• Source records
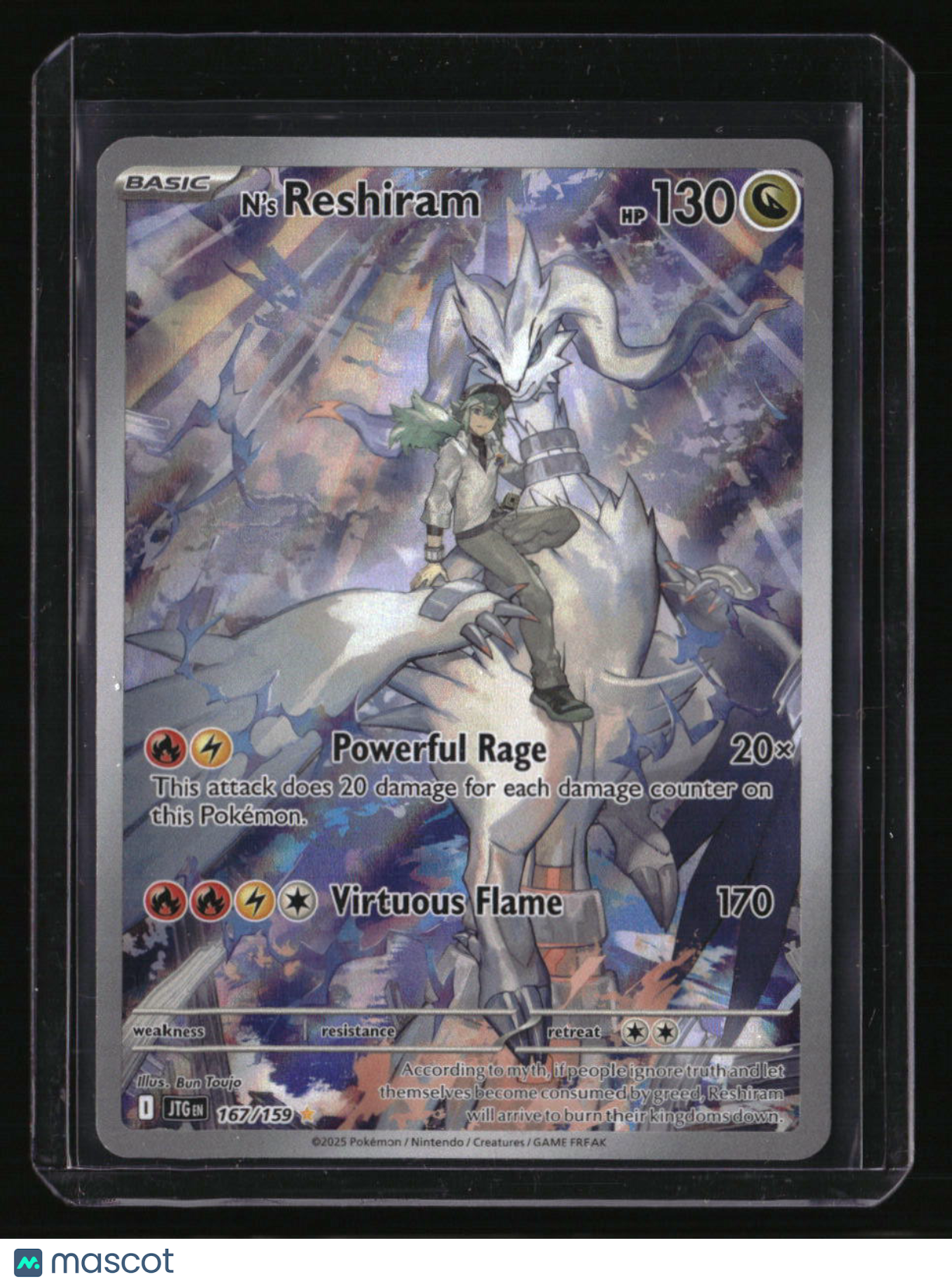 | *This is a Single Trading Card* | *Discounts are not available on Single Trading Cards* | This is a nice example of a SV09: Journey Together #167/159 N's Reshiram . Please check out our other listings for more great cards. Thank you for your interest in one of our cards!!! Prior to making any bids/purchases, I would kindly ask you to read the information below: Item Condition Please see the provided pictures for the condition of the card or item, pictures of the front and back are provided for your review. We cannot accommodate requests for additional pictures. Any notable flaws or damage to this item will be noted in this listing. Please use the attached photos provided for your own assessment. Graded card cases may come with some minor wear/tear, surface scratch, chipped, or blemish. There are no partial refunds or returns because of the case condition. All single cards will come in protective cases. If you purchase a listing that's sold as a lot it may come in snap cases or sealed in a team bag, and not all cards will be individually sleeved and top loaded in all lots. Raw cards are sold as such, with no guarantees of potential and/or expected grades. All cards are sold as is, with no returns or refunds. Listed With Mascot.
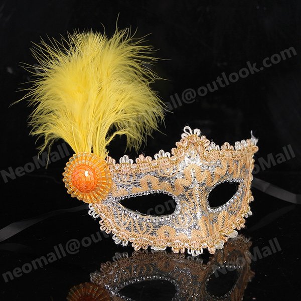 高品質☆魅惑的 フェザー アイマスク 【032・イエロー】 仮面 仮装 舞踏会 マスク ベネチアン パーティー 変装 コスプレ 衣装
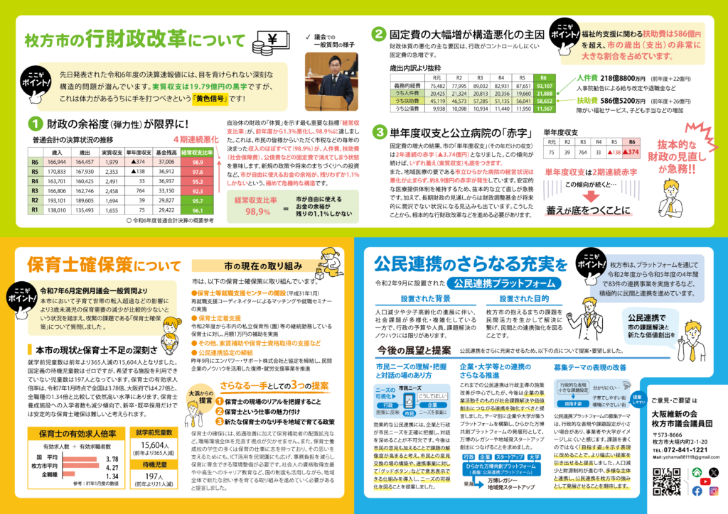 市政報告Vol.05発行:枚方市の財政は大丈夫?
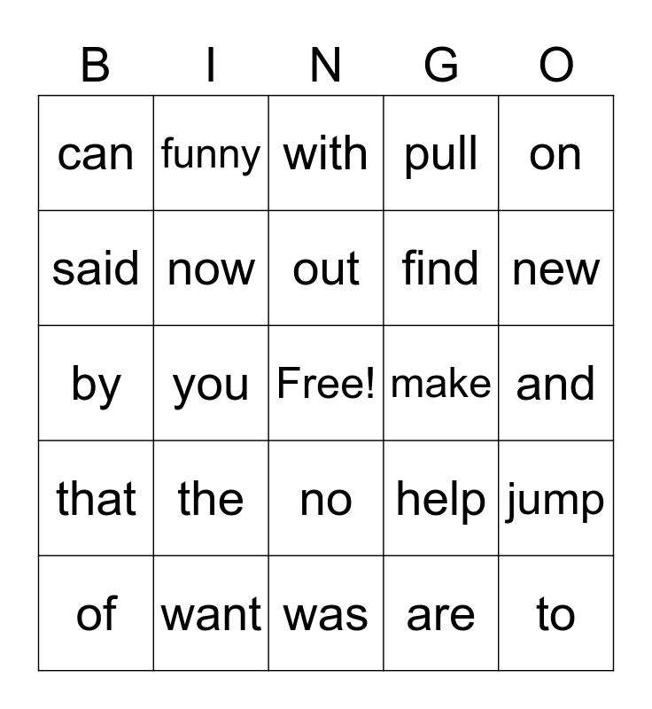 This bingo card has a free space and 27 words: help, they, find, was, said, with, funny, that, make, jump, by, pull, of, want, new, one, now, out, the, can, and, are, you, to, no, on and not.
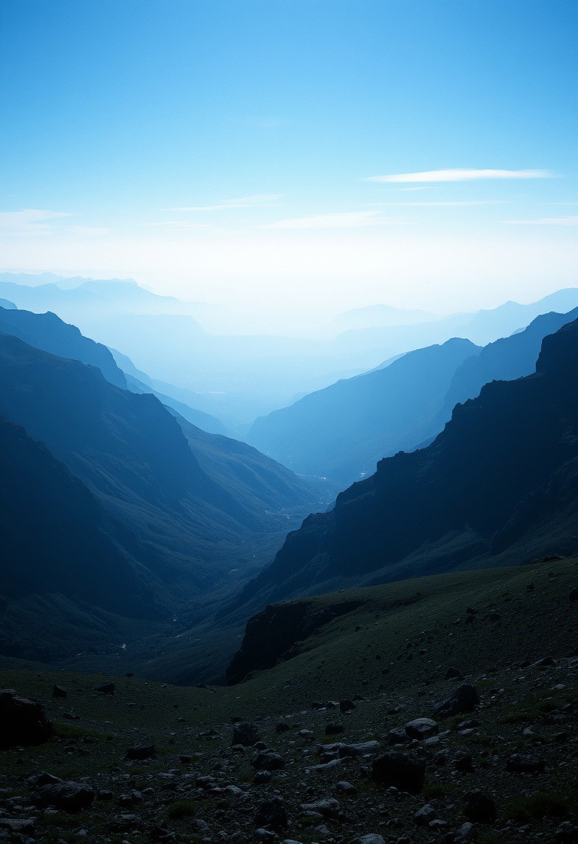 Immerse in a breathtakingly beautiful landscape: a vibrant blue-hued horizon stretches across the frame, fading into an atmospheric haze. Unusual dark colors, such as deep indigo and rich charcoal, punctuate the scene with dramatic flair. Cinematic lighting casts long shadows, emphasizing the fine details of the terrain. Film grain adds texture to the image, while superb composition guides the viewer's eye through the masterpiece. Maximum detail is achieved in every element, from the rugged terrain to the wispy clouds, creating an unparalleled level of visual mastery.
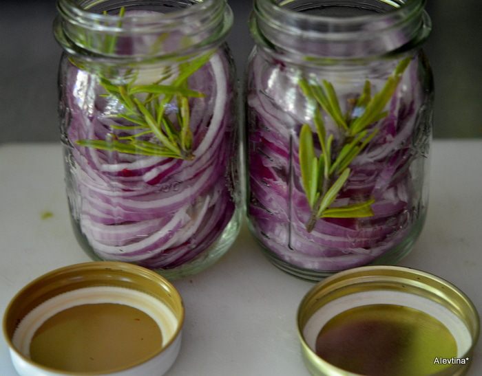 Разложить лук по чистым баночкам после стерилизации, разлить этот маринад, разложить по веточкам розмарина. Закрыть крышкой и поставить в холодильник на 1 день. На следующий день будет готово.

• Required work
Pictures excluded, reproduce only the part above that opens with the line holding "市政報告Vol.05発行:枚方市の財政は大丈夫?" and closes with the line holding "This bingo card", exactly as written.

• Response to the task
 市政報告Vol.05発行:枚方市の財政は大丈夫?
 This bingo card has a free space and 27 words: help, they, find, was, said, with, funny, that, make, jump, by, pull, of, want, new, one, now, out, the, can, and, are, you, to, no, on and not.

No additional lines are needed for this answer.